Сходил в трактир с кувшином — и довольно,
чтоб на часок угомонить хандру:
хлебнешь немного — и вдыхать не больно
сырой осенний воздух ввечеру.
По окончаньи сумерек, однако,
он пробирался в опустевший сад
и рыл окопы под защитой мрака,
совсем как много лет тому назад, —
всё как в натуре, ну, размеров кроме,
зато без отступлений в остальном, —
и забывал лопату в черноземе,
что пахнул черным хлебом и вином.
Когда луна уже светила саду,
за долг священный он считал залечь
с винтовкою за бастион, в засаду,
где судорога не сводила плеч;
там он внимал далеким отголоскам,
потом — надоедала вдруг игра,
он бил винтовкой по загнившим доскам,
бросал ее и плакал до утра.
Из сборника «С ГАРМОНИКОЙ»
(1936)
Мартовские смерти
Когда межу затянут сорняки
и вспыхнет зелень озими пшеничной,
в деревне умирают старики
весенней смертью, тяжкой, но привычной.
Сам воздух, будто некая рука,
орудует, в кого постарше целя,
чтоб тот залег в могилу тюфяка,
с которой встал-то без году неделя.
Они лежат, одеты потеплей,
и слушают — занятья нет приятней, —
как треплет ветер кроны тополей,
как шумный гурт прощается с гусятней.
Взвар застывает коркой возле рта,
без пользы стынет жирная похлебка;
при них весь день дежуря, неспроста
домашние покашливают робко.
Еще успеют увидать они,
как дерева проснутся от дремоты, —
но чем светлей, чем радостнее дни,
пономарю всё более работы.
Жандарм
Топает жандарм вдоль деревень,
в подбородок врезался ремень,
портупея — с шашкой у бедра;
врассыпную, словом, детвора.
Что в шинок заходит — не смотри,
пусть в друзья не лезут корчмари;
всякому известно быть должно:
для властей — изволь открыть окно;
то ли к виноградне май суров
и по склонам виден ряд костров;
то ли снег лежит на городьбе
и коптится окорок в трубе.
Топает жандарм вдоль деревень,
побродяжек ловит, что ни день;
пролетает нетопырь во тьме,
зажигают свет в лесной корчме.
Не глядите на него вблизи:
позументы и мундир — в грязи,
и от слез его щекам тепло, —
выходи на барщину, село.
В воскресенье
В воскресенье славно отдохну
(ах ты, самый жаркий день в году!):
я надену брюки и пиджак,
выйду из хозяйства на большак,
зашагаю в город, как в бреду.
Унтер из беседки — ни ногой
(ах ты, рюмка белого винца!);
над простором выжженной земли
город поднимается в пыли,
вылитый из глины и свинца.
Радуют в витринах леденцы
(ах ты, роз бумажных щегольство!);
все закрыто, к дому липнет дом,
это — город; думаю с трудом:
я пришел сюда, а для чего?
На углу меж тем трактир открыт
(ах ты, славный братик Сливнячок!),
так что стопку выпить невтерпеж,
а Маричкин поцелуй хорош,
и она остра на язычок.
За окном становится темно
(ах ты, грусть, печальная мечта!);
и стоит средь улицы батрак,
и одна лишь песня в пыль, во мрак
черной кровью хлещет изо рта.
Столовка
Где машинною гарью воняет в трактирном чаду,
где прокатные станы шипят, где ссыпают руду,
где в рабочих кварталах дерьмом зарастают дворы —
между елей столовка стоит с неизвестной поры.

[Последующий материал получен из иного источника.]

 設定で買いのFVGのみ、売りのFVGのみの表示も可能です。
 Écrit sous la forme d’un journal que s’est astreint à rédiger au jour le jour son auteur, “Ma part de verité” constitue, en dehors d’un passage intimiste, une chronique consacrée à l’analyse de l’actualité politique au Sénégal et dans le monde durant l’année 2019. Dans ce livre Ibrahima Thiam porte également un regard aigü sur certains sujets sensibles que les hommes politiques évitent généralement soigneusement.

Теснота между скамьями, шум и дешевый уют,
и поленту, и пиво согретое здесь подают,
развалясь у огня, холостые сидят на скамье,
отдыхают женатые перед скандалом в семье.

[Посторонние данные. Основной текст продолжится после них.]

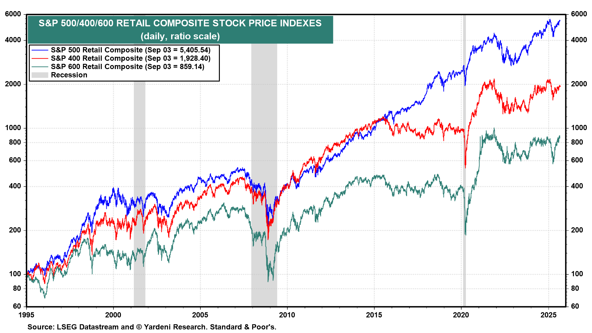 Investors agree with our upbeat view of consumers, as evidenced by the strength in the S&P 500/400/600 Retail Composite stock price indexes.
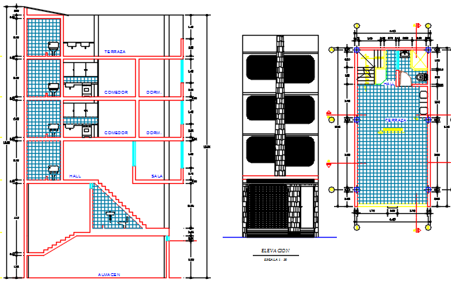 apartment layout plan dwg file, layout structure of house, complete layout structure , car parking, dining, living, rooms , elevation details
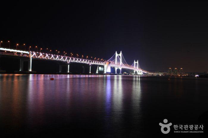 雖然早上的廣安大橋也非常漂亮,不過廣安大橋晚上的夜景也是美得非常有名。而且廣安里海水域場附近還有可以欣賞到大海的咖啡一條街及酒吧。

По столовке плывет кисеей остывающий чад,
по столам деревянным картежники глухо стучат.
Мрак ложится на ветви еловые, словно плита,
дым от фабрик ползет, и глотает его темнота.

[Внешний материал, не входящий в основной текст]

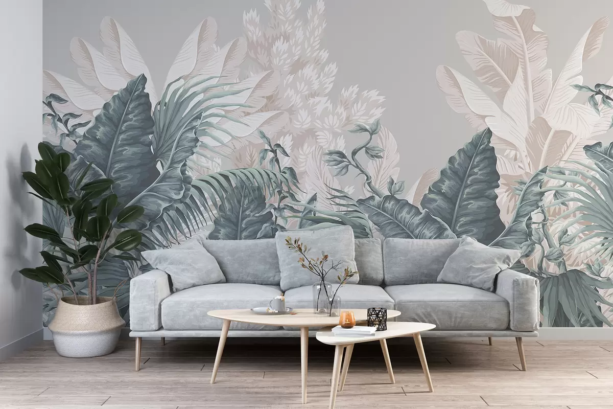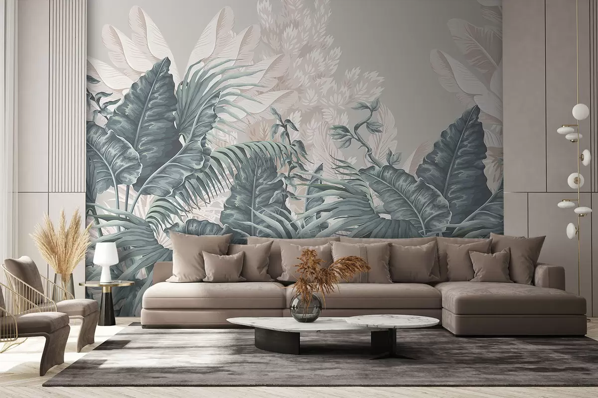 Papier peint photo Une scène de jungle tropicale avec de grandes feuilles vertes et des fleurs au premier plan, créant une atmosphère luxuriante N° w08242

Ливень в кровлю столовки сочится над пыльной страной,
наклоняются низко мужчины над пеной пивной,
словно нет потолка, словно здесь, заблудившись в пути,
может кран заводской по столам и скамейкам пройти.
Девушка с виноградника
Как-то в ночь осеннюю, когда
тяжко пахла свежая барда
и собаки выли беспричинно,
мне в окошко постучал мужчина,
и ему, решившись в тишине,
я войти позволила ко мне.
Не знакомый мне до той поры,
источал он винные пары,
был пропитан духом винограда,
не ответил мне — чего, мол, надо:
сразу же и молча, не темня,
он вспахал, как заступом, меня.
Распахал и канул в темноту —
лишь остались простыни в поту.
Скоро стала я худа, как спица,
кожа тоже начала лупиться,
стало и слепому в феврале
ясно, что хожу натяжеле.
Снова зеленеет виноград,
иволги на персиках свистят.
Уж какая, да найдется хата
чтоб родить, — а так хожу, брюхата,
гордая, как будто предо мной
поклонились люди всей страной.
Скотница и батрак
Ты — скотница, а я батрак,
в усадьбу нанялись одну.
Ты — от загона ни на шаг,
я — лямку на жаре тяну.
Хозяин с вечера залег
смотреть в перинах сны.
Тебе постелью — сена клок
и две доски даны.
Вот-вот начнется опорос,
уже коровы стельны сплошь.
Работа наша — на износ,
откуда ночью сил возьмешь?
Хозяйкин захворал малыш —
так вопль на всю семью,
а если ты подзалетишь —
заваришь спорынью.
Черны от мух судки в жиру,
доходят хлебы на поду.
Я два букета соберу
и от тебя ответа жду:
давай решай — возьми один
и прочь другой откинь.
В одном — душистый розмарин,
в другом — горька полынь.
Наши часы
Душный воздух плывет от карнизов и ниш,
утопают во мраке края балюстрад,
дребезжат фонари, разбивается тишь,
и кусты у скамейки упрямо шуршат,
и всё реже слышны поездов голоса,
и на горькую пыль выпадает роса.
Разветвляется луч, и скамейка пуста.
Каблуки глубоко утопают в песке.
Приходи — нас обоих зальет темнота,
я смогу прикоснуться к любимой руке.
Куст жасмина кивает, безлюдно вокруг,
и жужжит среди веток невидимый жук.
Это наши часы — и простор, и покой, —
не такие, как дома, где шум суеты.
Стрекотаньем цикад, словно пеной морской,
переполнены травы, кусты и цветы.
Духота от железной дороги ползет,
но прохладой ночной дышит лиственный свод.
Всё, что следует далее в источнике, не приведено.